* FY EBITDA 297.8 mln euros vs forecast 292.75 mln
* CEO signals a return of volatility
* Looking for more deals after Irish exchange purchase (Adds details, CEO comments)
By Noor Zainab Hussain
Feb 19 (Reuters) - Euronext is looking to buy more European exchanges following last year’s purchase of the Irish Stock Exchange (ISE), it said on Monday, as it strives to turn up the heat on bigger rivals Deutsche Boerse and the London Stock Exchange.
The pan-European exchange, which already operates bourses in Paris, Amsterdam, Brussels, London and Lisbon, also beat full-year core earnings forecasts, and said it should benefit from a pick up in market volatility and an improving global economy.
“We include for the first time since our IPO a new exchange (ISE) and send a clear message to independent exchanges in Europe willing to benefit from our single liquidity pool and propriety technology platform,” CEO Stephane Boujnah said on a media and analyst call after the results.
Euronext bought ISE for 137 million euros ($170 million) last year to boost its position in debt and fund listings, and step up competition to the London Stock Exchange Group and Deutsche Boerse.
Tight cost control and rising volumes helped Euronext to cope with relatively calm markets last year, compared with 2016 when the U.S. presidential election and Britain’s vote to leave the European Union boosted volatility.
Volatility is an important driver of trading across a range of asset classes, including futures, exchange-traded funds and cash equities.
“Our confidence is strong for the next two years. Core business revenue should grow in line with forecasts, and we will continue our cost control discipline...,” Boujnah said.
He added volumes in 2018 had been “very strong”, with the return of volatility and a pick up in many European economies.
Cash trading volumes were up 32.5 percent so far this year on the same period a year ago, with derivatives trading up 28.7 percent.
“Euro zone growth prospects have been revised upward at 2.3-2.4 percent in 2018 which is cyclically strong and likely going to support equity inflows into our market,” Boujnah said.

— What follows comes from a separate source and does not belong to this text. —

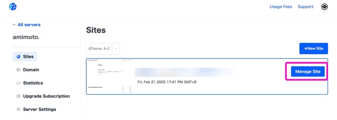 Step 4. Click [Manage Site] for the site you want to delete

Euronext said it would keep a target to pay out 50 percent of its earnings as dividends, while also looking for deals.
Its acquisition plans include looking to further consolidate Europe’s cash equities market and diversifying revenue streams.
“The ISE decided to go this way at the end of last year and we are open to other European exchanges who want to follow the same ambition,” Boujnah said.
While Boujnah did not name exchanges Euronext could target, analysts have pointed to the Spanish stock exchange.